# Supplied material
Start of Block
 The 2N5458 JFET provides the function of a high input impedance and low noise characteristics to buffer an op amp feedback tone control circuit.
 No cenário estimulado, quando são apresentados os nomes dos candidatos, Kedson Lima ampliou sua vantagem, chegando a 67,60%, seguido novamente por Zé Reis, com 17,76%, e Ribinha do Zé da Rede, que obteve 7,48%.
End of Block
Start of Block
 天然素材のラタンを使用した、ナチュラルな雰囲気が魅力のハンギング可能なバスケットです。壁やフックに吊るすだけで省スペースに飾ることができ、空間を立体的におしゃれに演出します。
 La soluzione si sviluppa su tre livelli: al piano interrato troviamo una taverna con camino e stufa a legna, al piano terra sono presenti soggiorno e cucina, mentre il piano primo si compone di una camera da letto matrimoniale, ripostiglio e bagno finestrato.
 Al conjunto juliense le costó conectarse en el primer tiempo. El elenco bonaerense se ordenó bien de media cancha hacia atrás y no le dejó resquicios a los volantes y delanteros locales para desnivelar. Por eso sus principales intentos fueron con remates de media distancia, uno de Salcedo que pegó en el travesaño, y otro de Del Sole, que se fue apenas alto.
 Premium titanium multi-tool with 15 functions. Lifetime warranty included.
End of Block
Start of Block
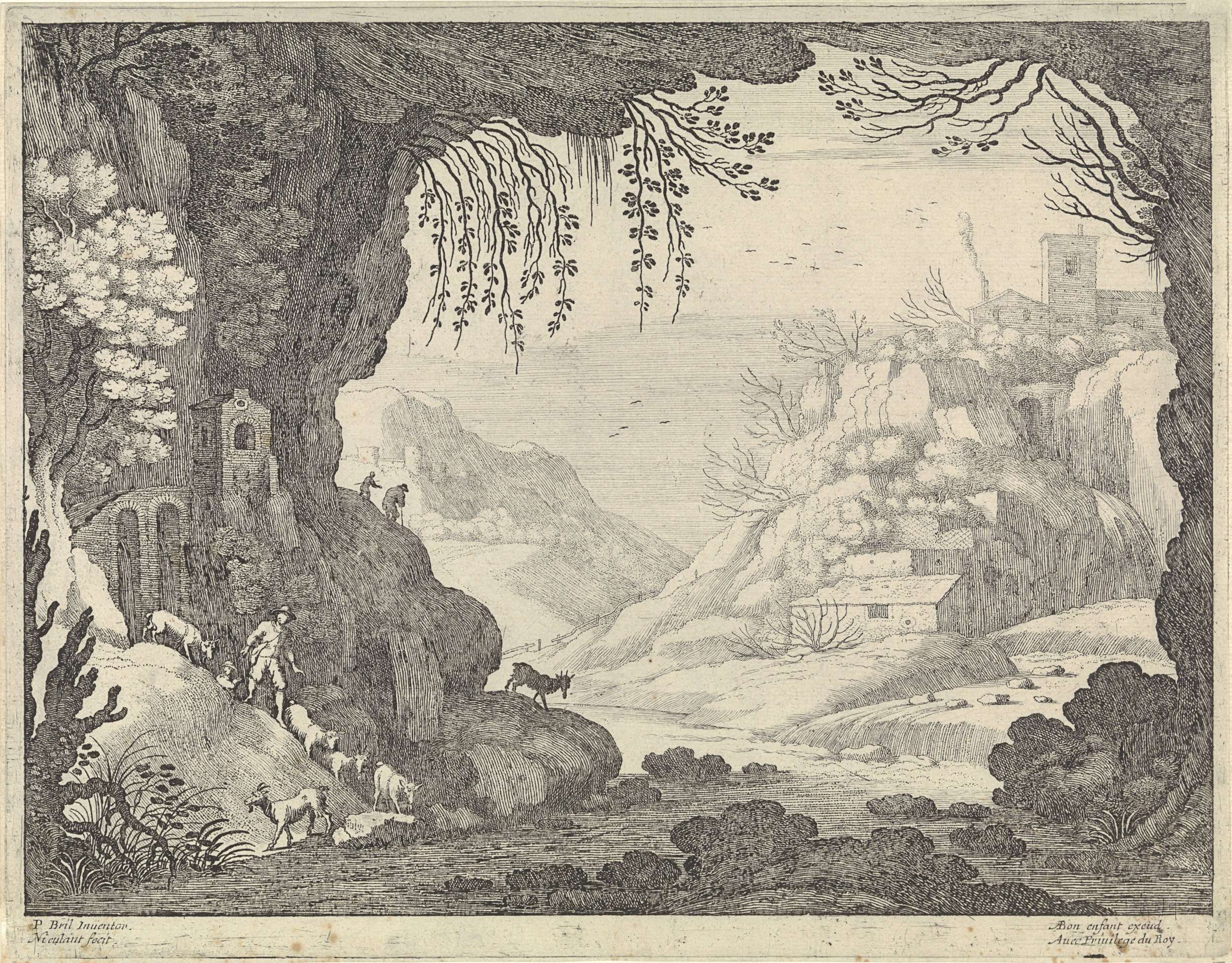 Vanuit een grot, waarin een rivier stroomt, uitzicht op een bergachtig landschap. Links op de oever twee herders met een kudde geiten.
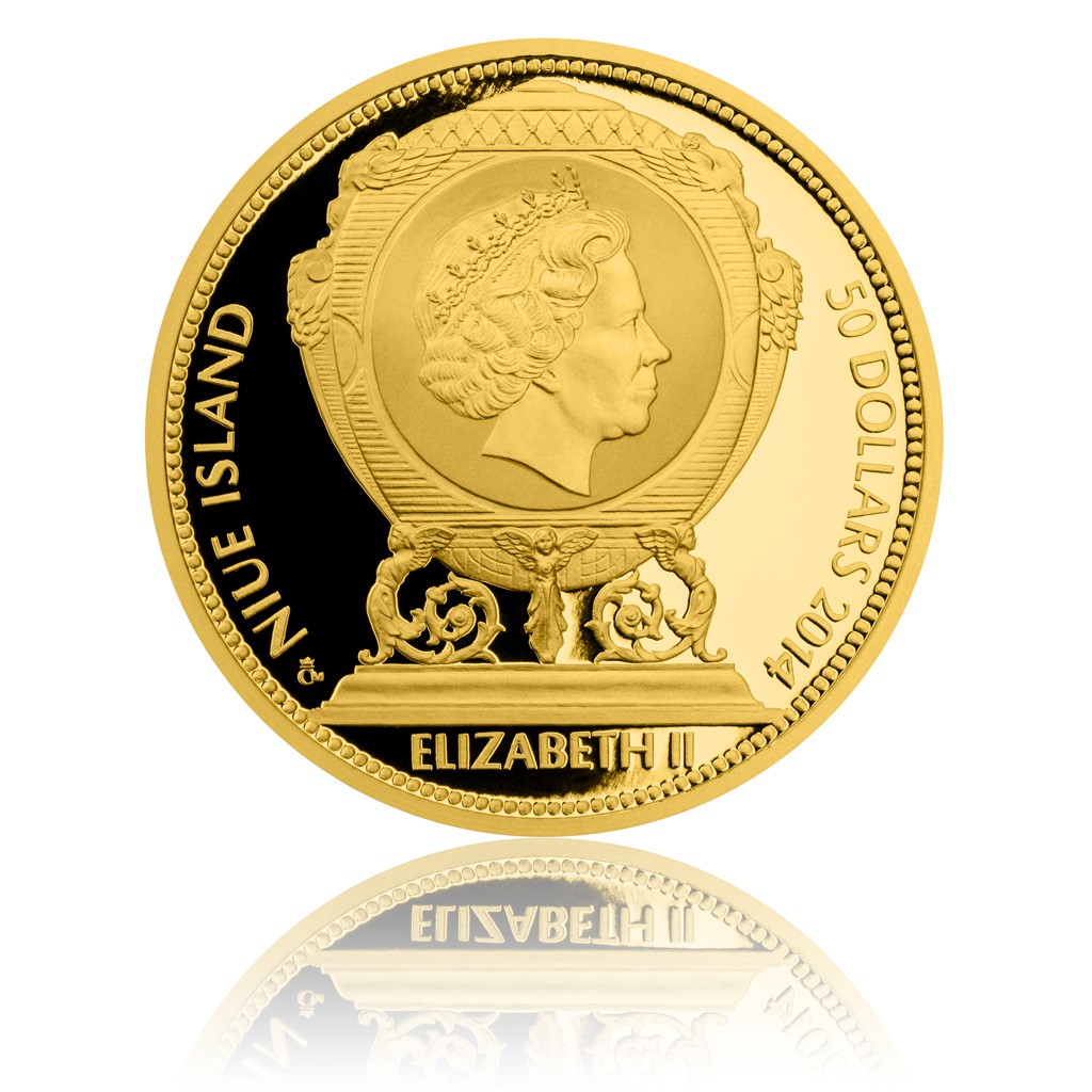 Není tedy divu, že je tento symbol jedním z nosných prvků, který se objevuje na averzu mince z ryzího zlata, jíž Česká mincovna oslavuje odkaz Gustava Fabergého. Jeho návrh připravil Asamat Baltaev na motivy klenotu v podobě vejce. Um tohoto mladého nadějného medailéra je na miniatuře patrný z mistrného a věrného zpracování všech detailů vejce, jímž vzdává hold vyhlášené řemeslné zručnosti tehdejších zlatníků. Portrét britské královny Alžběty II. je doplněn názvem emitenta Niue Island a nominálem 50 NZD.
End of Block
# Aim of the exercise
Output exactly one stretch of the listing: from the line containing "Al conjunto juliense" through the line containing "Premium titanium multi-tool", both end lines included.

# Response below
 Al conjunto juliense le costó conectarse en el primer tiempo. El elenco bonaerense se ordenó bien de media cancha hacia atrás y no le dejó resquicios a los volantes y delanteros locales para desnivelar. Por eso sus principales intentos fueron con remates de media distancia, uno de Salcedo que pegó en el travesaño, y otro de Del Sole, que se fue apenas alto.
 Premium titanium multi-tool with 15 functions. Lifetime warranty included.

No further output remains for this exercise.